Linda answered quite undisturbed.
“He is a shrewder boy than are we Swedes,” she said, “and has been quick to see the truth. Yet he is not the only one to know you for a thief.”
The man’s blazing eyes narrowed into slits and his grating, harsh voice was full of suppressed fury.
“There are not many who have dared to call me that, Linda Ingmarsson,” he said, “and whoever does it, whether man, woman or boy, will live to be bitterly sorry. John Edmonds did, and where is he? Out there in the woods, I hear, lost, dead beyond a doubt, he and his brother, the worthless two of them. I heard the whistles blowing as I came down the valley, and I thought to myself, ‘You can blow them until they split, but you will never call him back.’” He lowered his voice, yet still spoke so that all could hear—“He didn’t want to be called back.”
“John Edmonds and his brother will come back,” insisted Linda steadily, “for they have friends who believe in them and will help them still. Whatever John has left in confusion he will make plain and straight when he returns.”
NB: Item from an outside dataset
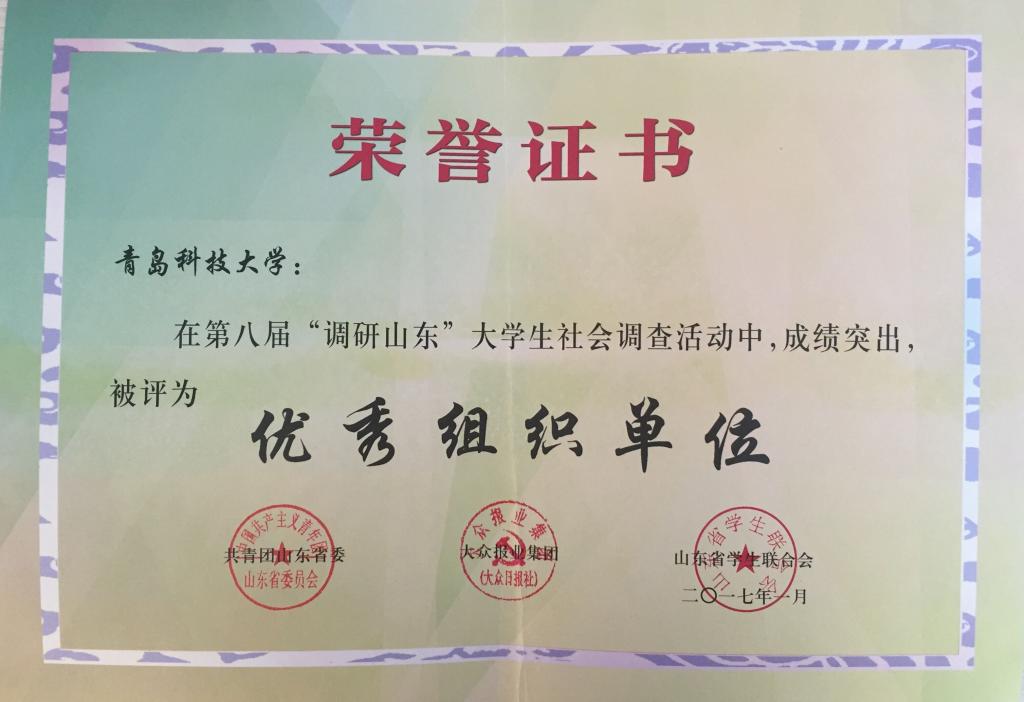 近日,团省委等单位发布了《关于表彰第八届“调研山东”大学生社会调查活动优秀组织单位、优秀指导教师和优秀调研成果的通报》(鲁青联[2017]6号),AC米兰中国官网获评第八届“调研山东”大学生社会调查活动优秀组织单位;徐华、刘建波、蓝惠霞获评第八届“调研山东”大学生社会调查活动优秀指导教师;高分子学院徐华老师指导、许展等同学参与的《兜牢民生底线 加快脱贫攻坚——单县脱贫工作情况调查》调研活动获优秀调研成果一等奖,环境学院刘建波老师指导、韩亚楠等同学参与的《青岛市垃圾分类现状调研——以市南区市北区为例》调研活动和蓝惠霞老师指导、毕耜静等同学参与的《高校环境工程专业实验室环境污染现状及处理状况调研——以AC米兰中国官网环境工程专业实验室为例》调研活动分获二、三等奖,另有高密校区、自动化学院、机电学院的三项调研活动获得优秀奖。

“What friends has he?” cried Jake scornfully. “Before another day has passed every one in Rudolm Valley will know just why they went, both of them, and then where will their friends be?”
“There is still my brother Oscar,” returned Linda.
“And do you think your brother Oscar can save them? He does not even know what has happened, and if he did, what help could he give?” Jake laughed harshly. “He is having all that he can do to save himself, these days, has Oscar Dansk.”
Hugh could feel Linda’s hand tighten on his arm as though, in spite of herself, she winced under the last words. He stepped in front of her to face their common enemy, but she spoke before he could.
“The Edmonds are not friendless,” she declared. “No matter what all the world may say there will still be some of us who know they are honest and who will find and save them in the end.”
She moved to the door, and Jake, seeing that he could no longer block her way, suddenly stepped back and flung it open with a great flourish.
“I wish you luck,” he said; “it will be a long task, finding and saving two men who either have fled the country or are already dead.”
Linda turned back to speak her last word as she and Hugh and Carl went out together into the dark.
“I know they have not fled the country,” she said, “and I am certain they are not dead. Had anything happened to them, their dog would have been here to tell us. So I know they are alive since Nicholas has not come back.”